[LLVMdev] How to prevent insertion of memcpy()
Chandler Carruth
chandlerc at google.com
Tue May 29 11:14:17 PDT 2012
On Tue, May 29, 2012 at 11:11 AM, Jeffrey Yasskin <jyasskin at googlers.com>wrote:
> On Tue, May 29, 2012 at 10:50 AM, Chandler Carruth <chandlerc at google.com>
> wrote:
> > On Tue, May 29, 2012 at 10:46 AM, Dmitry Vyukov <dvyukov at google.com>
> wrote:
> >>
> >> On Tue, May 29, 2012 at 9:40 PM, Chandler Carruth <chandlerc at google.com
> >
> >> wrote:
> >>>>>>>
> >>>>>>> > How do I disable that feature? I've tried -fno-builtin and/or
> >>>>>>> > -ffreestanding
> >>>>>>> > with no success.
> >>>>>>> clang (as well as gcc) requires that freestanding environment
> >>>>>>> provides
> >>>>>>> memcpy, memmove, memset and memcmp.
> >>>>>>>
> >>>>>>> PS: Consider emailing cfedev, not llvmdev.
> >>>>>>
> >>>>>>
> >>>>>> Hi,
> >>>>>>
> >>>>>> Thanks. I've emailed cfe-dev.
> >>>>>> We absolutely need clang/llvm to not insert the calls into our code.
> >>>>>
> >>>>>
> >>>>> This really isn't possible.
> >>>>>
> >>>>> The C++ standard essentially requires the compiler to insert calls to
> >>>>> memcpy for certain code patterns.
> >>>>>
> >>>>> What do you really need here? Clearly you have some way of handling
> >>>>> when the user writes memcpy; what is different about Clang or LLVM
> inserting
> >>>>> memcpy?
> >>>>
> >>>>
> >>>> I need it for ThreadSanitizer runtime. In particular
> >>>>
> >>>>
> http://llvm.org/viewvc/llvm-project/compiler-rt/trunk/lib/tsan/rtl/tsan_interceptors.cc?view=annotate
> >>>> line 1238. But I had similar problems in other places.

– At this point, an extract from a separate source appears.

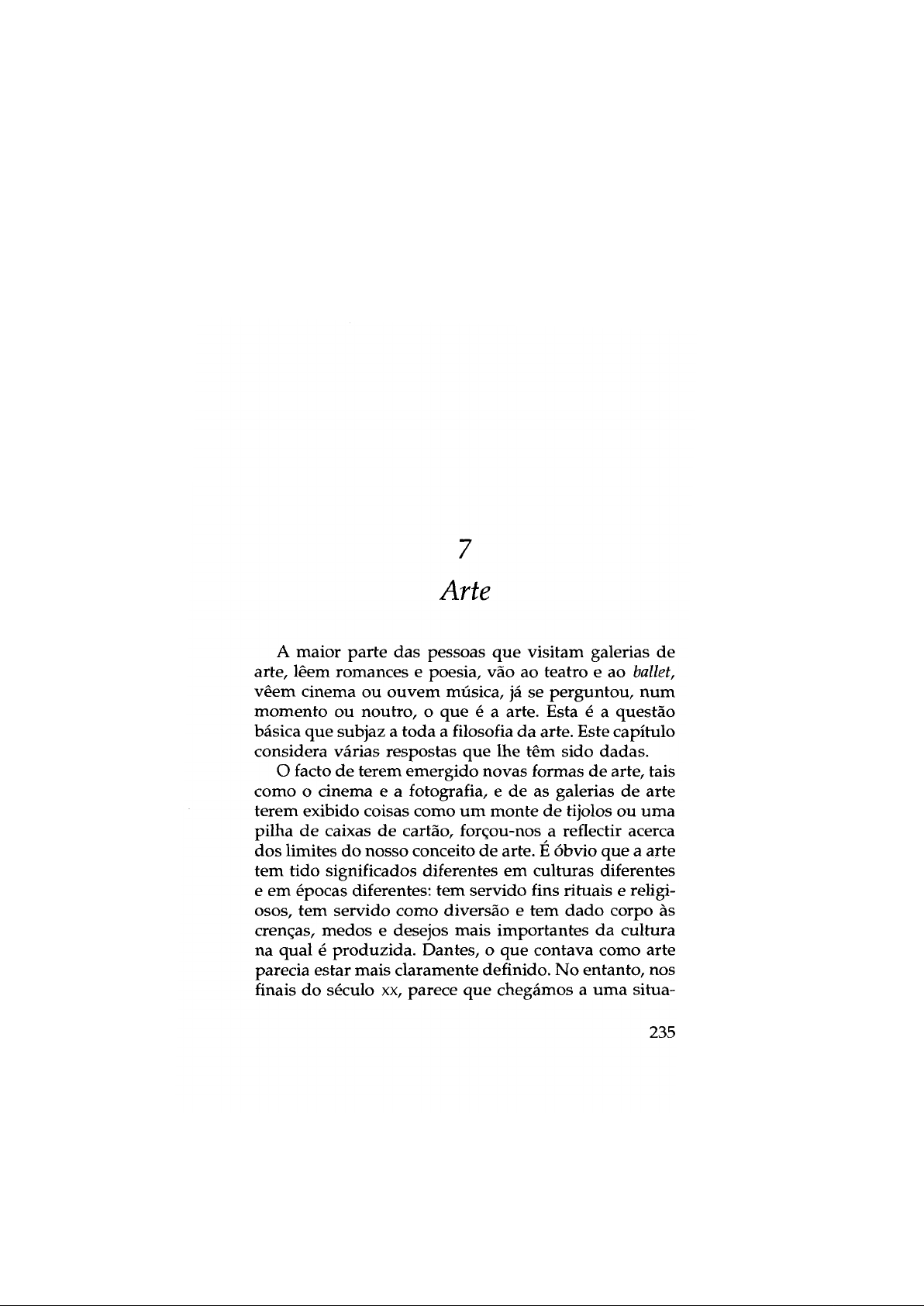 7 Arte A maior parte das pessoas que visitam galerias de arte, lêem romances e poesia, vão ao teatro e ao ballet, vêem cinema ou ouvem música, já se perguntou, num momento ou noutro, o que é a arte. Esta é a questão básica que subjaz a toda a filosofia da arte. Este capítulo considera várias respostas que lhe têm sido dadas. facto de terem emergido novas formas de arte, tais como o cinema e a fotografia, e de as galerias de arte terem exibido coisas como um monte de tijolos ou uma pilha de caixas de cartão, forçou-nos a reflectir acerca dos limites do nosso conceito de arte. É óbvio que a arte tem tido significados diferentes em culturas diferentes e em épocas diferentes: tem servido fins rituais e religi- osos, tem servido como diversão e tem dado corpo às crenças, medos e desejos mais importantes da cultura na qual é produzida. Dantes, o que contava como arte parecia estar mais claramente definido. No entanto, nos finais do século parece que chegámos a uma situa- 235ELEMENTOS BÁSICOS DE FILOSOFIA ção em que tudo e mais alguma coisa pode ser arte. Se isto é assim, o que fará com que um certo objecto um escrito ou uma peça musical e não outro, sejam dig- nos de se chamar arte? Pode a arte ser definida? Há uma imensa variedade de obras de arte pin- turas, peças de teatro, filmes, romances, peças musi- cais, dança e todas elas parecem ter muito pouco em comum. Isto levou alguns filósofos a defender que a arte não pode de maneira nenhuma ser definida; defen- dem que é um erro completo olhar para um denomina- dor comum, uma vez que existe, pura e simplesmente, demasiada variedade entre as obras de arte para que uma definição que as cubra a todas possa ser satis- fatória. Para sustentar esta opinião, estes filósofos usam a ideia de parecença familiar, uma noção usada pelo filósofo Ludwig Wittgenstein nas suas Investigações Filosóficas. conceito de parecença familiar leitor pode parecer-se ligeiramente com o seu pai e o seu pai pode parecer-se com a irmã dele. Contudo, é possível que o leitor não se pareça nada com a irmã do seu pai. Por outras palavras, podem existir parecen- ças sobrepostas entre diferentes membros de uma famí- lia, sem que exista uma característica única observável, partilhada por todos. Analogamente, há muitos jogos semelhantes, mas é difícil ver o que têm em comum as paciências, o xadrez, o râguebi e a malha. 236ARTE As semelhanças entre diferentes tipos de arte podem ser deste tipo: apesar das semelhanças óbvias entre al- gumas obras de arte, podem não existir características observáveis partilhadas por todas: podem não existir denominadores comuns. Se isto for verdade, é um erro procurar uma qualquer definição geral de arte. me- lhor que podemos desejar é uma definição de uma certa forma de arte, como o romance, o filme de ficção ou a sinfonia. Críticas à perspectiva da parecença familiar Uma forma de demonstrar a falsidade desta pers- pectiva seria produzir uma definição satisfatória de arte. Examinaremos a seguir várias tentativas de o con- seguir. Contudo, vale a pena notar que mesmo no caso das parecenças de família há algo que todos os mem- bros de uma família têm realmente em comum: o facto de estarem geneticamente relacionados. E os jogos são todos parecidos por poderem constituir interesses ab- sorventes de carácter não prático para jogadores ou espectadores. Ora, apesar de esta definição de jogo ser bastante vaga e nem sequer inteiramente satisfatória não nos ajuda a distinguir os jogos de outras actividades, como, por exemplo, beijar ou ouvir música sugere que pode encontrar-se uma definição mais detalhada e plausível. Se isto pode fazer-se em relação aos jogos, não há razão para afastar à partida a possi- bilidade de o fazer em relação às obras de arte. Claro que o denominador comum a todas as formas de arte pode revelar-se particularmente pouco interessante ou importante, mas é claramente possível encontrar um. 237ELEMENTOS BÁSICOS DE FILOSOFIA Consideremos, então, algumas das tentativas de defini- ção da arte. Examinaremos a teoria da forma signifi- cante, a idealista e a institucional. A teoria da forma significante A teoria da forma significante, popular no princípio do século XX e particularmente ligada ao crítico de arte Clive Bell (1881-1964) e ao seu livro Art, começa pelo pressuposto de que todas as obras de arte genuínas produzem uma emoção estética no espectador, ouvinte ou leitor. Esta emoção é diferente das emoções da vida quotidiana: distingue-se por não ter nada a ver com interesses práticos. Que características das obras de arte fazem com que as pessoas reajam daquela forma? Por que evocam as obras de arte aquela emoção estética? A resposta dada por Bell é que todas as obras de arte genuínas partilham uma qualidade conhecida como «forma significante» um termo por ele introduzido. A forma significante é uma certa relação entre as partes as características que distinguem a estrutura de uma obra de arte e não o seu tema específico. Apesar de esta teoria se aplicar geralmente apenas às artes visuais, pode também ser tomada como uma definição de todas as artes. Assim, por exemplo, ao considerar o que faz com que um quadro de Van Gogh representando um par de botas velhas seja uma obra de arte, um teórico da forma significante faria notar a combinação de cores e texturas que possuem forma significante e que pro- duzem, portanto, a emoção estética em críticos sen- síveis. 238ARTE A forma significante é uma propriedade indefinível que os críticos sensíveis podem intuitivamente reco- nhecer numa obra de arte. Infelizmente, os críticos in- sensíveis são incapazes de apreciar a forma significante. Bell, ao contrário, por exemplo, dos teóricos institucionalistas discutidos a seguir, acreditava que a arte era um conceito valorativo: isto significa que afir- mar que algo é uma obra de arte

> >>>> Both memory access processing and signal handling are quite tricky, we
> >>>> can't allow recursion.
> >>>
> >>>
> >>> The first thing to think about is that you *do* need to use
> -fno-builtin
> >>> / -ffreestanding when compiling the runtime because it provides its own
> >>> implementations of memcpy.
> >>
> >>
> >> We used both at some points in time, but the problem is that they do not
> >> help to solve the problem. I think we use -fno-builtin now, I am not
> sure
> >> about -ffreestanding.
> >>
> >>> The second is that there is no way to write fully generic C++ code w/o
> >>> inserting calls to memcpy. =/ If you are writing your memcpy
> implementation,
> >>> you'll have to go to great lengths to use C constructs that are
> guaranteed
> >>> to not cause this behavior, or to manually call an un-instrumented
> memcpy
> >>> implementation. I don't know of any easy ways around this.
> >>
> >>
> >> What are these magic constructs. I had problems with both struct copies
> >> and for loops.
> >
> >
> > Don't copy things by value ever. =/ It is really, *really* hard to do
> this.
> > If at all possible, I would build your runtime against an un-instrumented
> > memcpy (perhaps defined within the runtime), and then use aliases or
> other
> > techniques to wrap the instrumented functions in the exported names
> > necessary for use when intercepting memcpy calls from the instrumented
> > program.
>
> There are some other platforms that absolutely can't tolerate function
> calls. Do they have an attribute or pass to tell LLVM to inline any
> functions it or clang inserts? Could Dmitry do the same thing?
>
Yes, there are attributes which can be attached to the non-instrumented
memcpy function, provided by the runtime and selected due to
-ffreestanding, which will force inlining. __attribute__((always_inline)),
__attribute__((flatten)). I suspect we don't correctly support the latter
in Clang/LLVM, but that's clearly a missing feature we should fix.